Cruising the world on a sailboat. As it is said. it is simply stupid (to do).

The fear of death?
"I hate that the whole of the sailing industry seems to revolve around placing fear in people. Or if not placing the fear, at least assuaging a fear that the industry knows full well is overblown to begin with. Sure the ocean can be a dangerous place. Yes, we get it. Nobody is disputing that fact. But more dangerous than what? Driving to work? One in five thousand die driving. The ocean may be scarier at times, but certainly not more dangerous. More dangerous than being killed by poisoning? One in eighty-six thousand of us will go that way. Who amongst us honestly believes we are more likely to meet our maker whilst cruising the Bahamas? Come on. And even if it were more likely, which would you rather?"

Just have to train.
Half a dozen years ago, seems like eternity, I was learning to Surf, and so excited about it, was sharing it and maybe overwhelming all my coworkers around me.
One friend told me, "my dream is to get into the tube". I know it was just a way of saying, it was certainly not his ultimate "dream".
Anyway, it stuck to me. How easy it would be to realize his dream. Just have to paddle out. And again. again. And again. Eventually, you will make it. Yes, Dude.

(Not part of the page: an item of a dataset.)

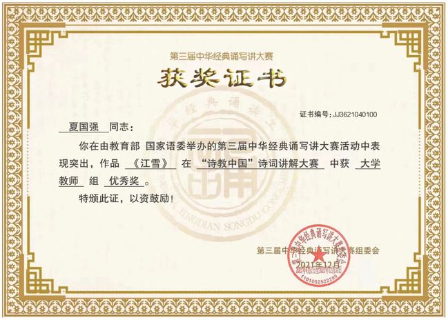 中华经典诵写讲大赛是国家教育部、国家语言文字工作委员会为贯彻落实中共中央办公厅、国务院办公厅《关于实施中华优秀传统文化传承发展工程的意见》,落实全国语言文字会议精神,全面深入实施中华经典诵读工程而举办的全国性竞赛。在本届诗词讲解大赛中,由永利官网教师夏国强、魏娜分别指导的学生王昭宇、赵慧萍是新疆地区大学生组中仅有的两位获奖选手,夏国强为新疆地区大学教师组两位获奖教师之一。

Nowadays, i realized how hard it is to get in the tube - lol -.At the time, I told me, well, give it a couple of years, does not look so difficult. I surfed there. OB. Several years. 
Those days, I never made it to the outside. Not that easy. Really. Trust me.


Running on empty.
Most of our dreams are in fact pretty accessible. Those which are not (I want to be rich !) are certainly bad ideas anyway. The issue is how much are you ready to sacrifice, how much do you really want it, and how many of those do you really have to realize ;)


This is where this goal idea comes from. A small step in the right direction. I have a new dream. Took me 5 years to realize I needed a new one. I was running on one empty tank. I guess not everybody needs a dream to get driven forward. Not me. I need a focus. Right now, this one seems pretty far. Maybe unreachable. Maybe not. Maybe I will share it someday. Maybe not. I just hope that if I manage to realize this one (the dream) I will be old enough to not need a new one. It is exhausting ;)

This goal is part of this dream. And this goal is achievable. Certainly. With some help (which I have) and some patience (which I lack).